*DATA EXCERPT:*
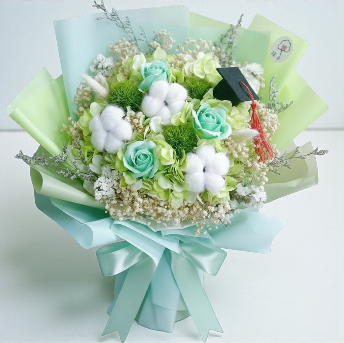 👉🏻乾👈🏻 棉子經典花束丨玫瑰棉花花束丨6支主花丨綠色丨 經典(中花束)丨畢業花束丨大學畢業花束
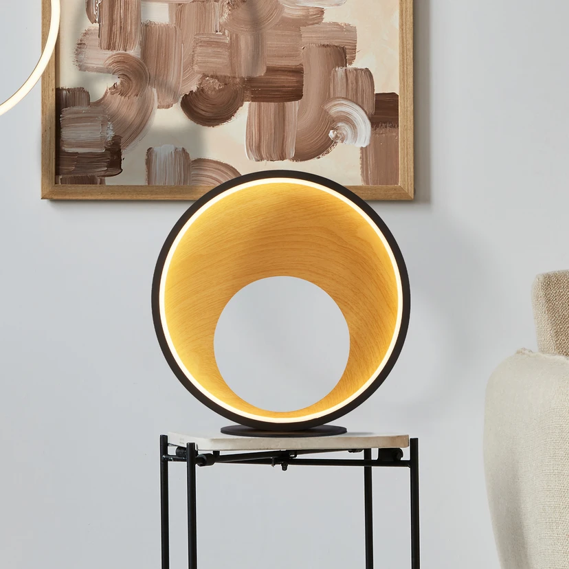 Lampe de table LED Curio avec abat-jour aspect bois et variateur d'intensité intégré La lampe de table LED Curio est un luminaire moderne équipé d'une source lumineuse LED intégrée d'un blanc chaud. Grâce à sa lumière agréable, elle convient parfaitement comme lampe décorative pour le salon, la chambre à coucher ou la salle à manger. L'intensité de ce luminaire LED peut en outre être variée en continu grâce à un interrupteur coulissant situé sur le câble. Son abat-jour en silicone a un bel aspect bois. Sa structure en acier laqué noir assure sa stabilité. Curio confère à chaque pièce une atmosphère agréable et crée une ambiance chaleureuse. Avec cette lampe de table LED, chaque pièce devient un lieu de détente et de bien-être.
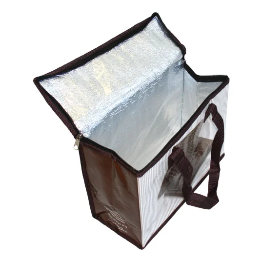 Sac isotherme au design personnalisable multicolore, en polypropylène, face intérieure avec revêtement isotherme, avec fermeture éclair et anses solides, quantité minimale de commande 1000 articles
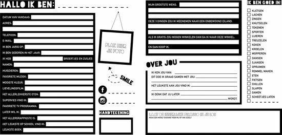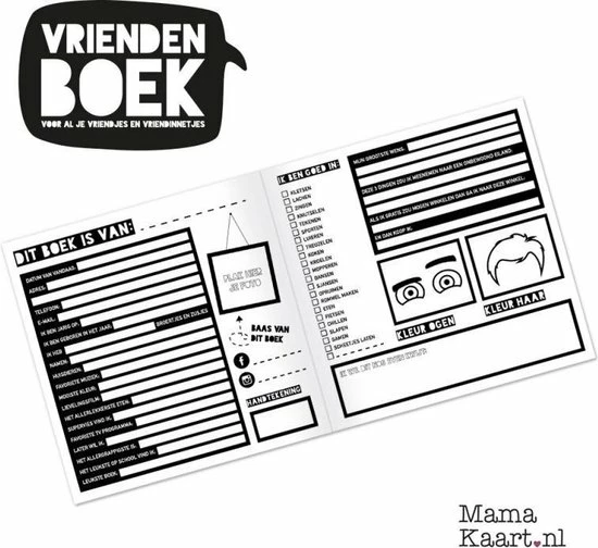 Laat al jouw vriendjes en vriendinnetjes twee pagina’s invullen met allerlei leuke vragen over jou en over jullie vriendschap! Leuk om terug te lezen als je groot bent!

*TASK PROMPT:* Output the listing exactly, pictures excluded.

*RESPONSE TO THE EXERCISE:*
 👉🏻乾👈🏻 棉子經典花束丨玫瑰棉花花束丨6支主花丨綠色丨 經典(中花束)丨畢業花束丨大學畢業花束
 Lampe de table LED Curio avec abat-jour aspect bois et variateur d'intensité intégré La lampe de table LED Curio est un luminaire moderne équipé d'une source lumineuse LED intégrée d'un blanc chaud. Grâce à sa lumière agréable, elle convient parfaitement comme lampe décorative pour le salon, la chambre à coucher ou la salle à manger. L'intensité de ce luminaire LED peut en outre être variée en continu grâce à un interrupteur coulissant situé sur le câble. Son abat-jour en silicone a un bel aspect bois. Sa structure en acier laqué noir assure sa stabilité. Curio confère à chaque pièce une atmosphère agréable et crée une ambiance chaleureuse. Avec cette lampe de table LED, chaque pièce devient un lieu de détente et de bien-être.
 Sac isotherme au design personnalisable multicolore, en polypropylène, face intérieure avec revêtement isotherme, avec fermeture éclair et anses solides, quantité minimale de commande 1000 articles
 Laat al jouw vriendjes en vriendinnetjes twee pagina’s invullen met allerlei leuke vragen over jou en over jullie vriendschap! Leuk om terug te lezen als je groot bent!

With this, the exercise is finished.